We tried to restart the queue manager:
$ endmqlsr
$ endmqm XYZ
$ strmqm XYZ
WebSphere MQ queue manager 'XYZ' starting.
WebSphere MQ was unable to display an error message 893.
The logs from the time when the disk became full and the error occurred:
----- amqxfdcx.c : 828 --------------------------------------------------------
06/08/2018 03:36:44 AM - Process(8832.5) User(mqm) Program(amqzlaa0)
AMQ6119: An internal WebSphere MQ error has occurred (Rc=28 from write)
----- amqxfdcx.c : 783 --------------------------------------------------------
06/08/2018 03:36:44 AM - Process(8832.5) User(mqm) Program(amqzlaa0)
AMQ6184: An internal WebSphere MQ error has occurred on queue manager XYZ.
----- amqxfdcx.c : 822 --------------------------------------------------------
06/08/2018 03:36:46 AM - Process(8832.5) User(mqm) Program(amqzlaa0)
AMQ6119: An internal WebSphere MQ error has occurred (Rc=28 from write)
----- amqxfdcx.c : 783 --------------------------------------------------------
06/08/2018 03:36:46 AM - Process(8832.5) User(mqm) Program(amqzlaa0)
AMQ6184: An internal WebSphere MQ error has occurred on queue manager XYZ.
AMQ6119: An internal WebSphere MQ error has occurred ('28 - No space left on device' from semget.)
----- amqxfdcx.c : 783 --------------------------------------------------------
06/14/2018 02:35:46 PM - Process(6794.1) User(mqm) Program(amqzxma0)
AMQ6184: An internal WebSphere MQ error has occurred on queue manager XYZ.
----- amqxfdcx.c : 822 --------------------------------------------------------
06/14/2018 02:35:46 PM - Process(6794.1) User(mqm) Program(amqzxma0)
AMQ6118: An internal WebSphere MQ error has occurred (20006037)
When trying to connect with the IBM WebSphere MQ Explorer
Queue manager not available for connection - reason 2059. (AMQ4043)
Severity: 20 (Error)
Explanation: The attempt to connect to the queue manager failed. This could be because the queue manager is incorrectly configured to allow a connection from this system, or the connection has been broken.
Response: Ensure that the queue manager is running. If the queue manager is running on another computer, ensure it is configured to accept remote connections.
Is there a way of clearing all messages from the queues and resetting all flags so the queue manager will start and the queues will work again?
There are only old test data in the queues, nothing of value.
Or do you have any other suggestions on how to fix this?

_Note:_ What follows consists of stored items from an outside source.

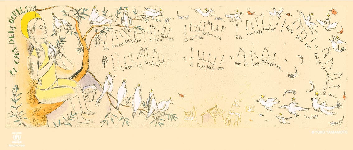今回『Think About a Refugee』キャンペーンカードに提供していただいた作品『鳥の歌』は、山本さんが1998年に発表した作品です。スペインのカタロニア地方出身の世界的チェリスト、パブロ・カザルスの『鳥の歌』をテーマに制作した作品。カザルスは平和への願いをこめてカタロニア民謡『鳥の歌』を生涯演奏し続けましたが、1971年10月24日、ニューヨーク国連本部で「私の生まれ故郷カタロニアの鳥は、ピース、ピース(平和)と鳴くのです」とスピーチで話し、『鳥の歌』を演奏したエピソードは広く知られています。
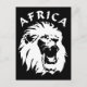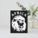 Un león ruidoso se enfrenta a un simple ilustracion con la palabra África. Diseño gráfico y de texto para amantes de los leones y personas que aman África.
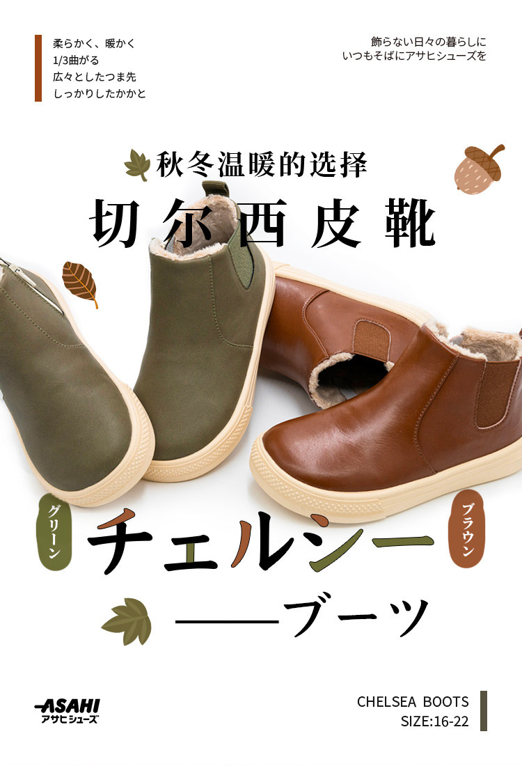 【特价抢购 非质量问题不退换】asahi朝日儿童秋冬中帮经典切尔西皮靴

You can use the mqrc command to provide more information on errors. Most of the time MQ reports return codes as a four digit decimal number. In this case since the return code is three digits it usually (always?) means it is a HEX return code.
$ mqrc 2195
2195 0x00000893 MQRC_UNEXPECTED_ERROR
This error is thrown when MQ hits an error condition that was not expected. Usually you will find a FDC file was created in the /var/mqm/errors directory that could provide some more detail.
The best course of action when you receive this type of error is to open a PMR with IBM and have them provide direction on recovery to ensure you have the best chance of preserving messages that may be present on your queues, however you are using a version of MQ (7.0) that has been out of support since September 30th 2015. The specific Fix Pack you are on (7.0.1.3) was released in August 2010. The last release of v7.0 from IBM was 7.0.1.14 in August 2016.
If you pay IBM for extended support you may be able to open a PMR with them for futher support.
The best path forward once you have resolved your issue would be to migrate to a supported version of IBM MQ. Currently v8.0 and v9.0 are the only supported versions of IBM MQ at this time.
Assuming you do not have extended support and are unable to get assistance from IBM, the following are some suggested steps:
Updating even to the latest Fix Pack (7.0.1.14) may help, and if it does not solve the problem it is still better by be at the latest Fix Pack of a unsupported version of IBM MQ.
You could try to cold start your queue manager and see if that helps. This is documented starting on Page 4 of the presentation "WebSphere MQ Disaster Recovery" given by Mark Taylor at Capitalware's MQ Technical Conference v2.0.1.3.
Create a queue manager EXACTLY like the one that failed
Use qm.ini to work out parameters to crtmqm command
Log:
LogPrimaryFiles=10
LogSecondaryFiles=10
LogFilePages=65535
LogType=CIRCULAR
Issue the crtmqm command
crtmqm -lc -lf 65535 -lp 10 -ls 10 –ld /tmp/mqlogs TEMP.QMGR
Make sure there is enough space for the new log files in that directory
Name of the dummy queue manager is irrelevant
Only care about getting the log files
Don’t start this dummy queue manager, just create it
Replace old logs and amqhlctl.lfh with the new ones
cd /var/mqm/log
mv QM1 QM1.SAVE
mv /tmp/mqlogs/TEMP!QMGR QM1
Note the “mangled” directory name … this is normal
Data in the queues is preserved if messages are persistent
Object definitions are also preserved
Objects contain their own definitions in their files
Mapping between files and object names held in QMQMOBJCAT
Once all the above is complete then try and start your queue manager.

Related

IBM MQ failed error 2058

I'm new with MQ Series and then tried to start with the "Hello World"
https://www.ibm.com/support/knowledgecenter/en/SSFKSJ_7.5.0/com.ibm.mq.dev.doc/q030200_.htm
I execute it with linux as follow :
helloworld pQueueName QueueName SYSTEM.DEF.SVRCONN/TCP/hostname\(1414\)
I get this error message ImqQueuemanager::connect failed with reset reason code 2058.
The API say this error code is due to a wrong queue manager name.
http://www-01.ibm.com/support/docview.wss?uid=swg21166938
Then : Why do I have a such message and what do they mean by "wrong queue manager name"?
No, queue manager and queues must be created explicitly before you can use them. The setName method points to queue manager to connect to and does not create a queue manager.
Watch this video from T.Rob on how to install MQ and use it - https://www.youtube.com/watch?v=wSCHLBftjDw&pbjreload=10. In the video Linux OS is used. That's OK. You can skip the setup part (up to 2 minutes and 20 seconds or so) and start following from crtmqm command.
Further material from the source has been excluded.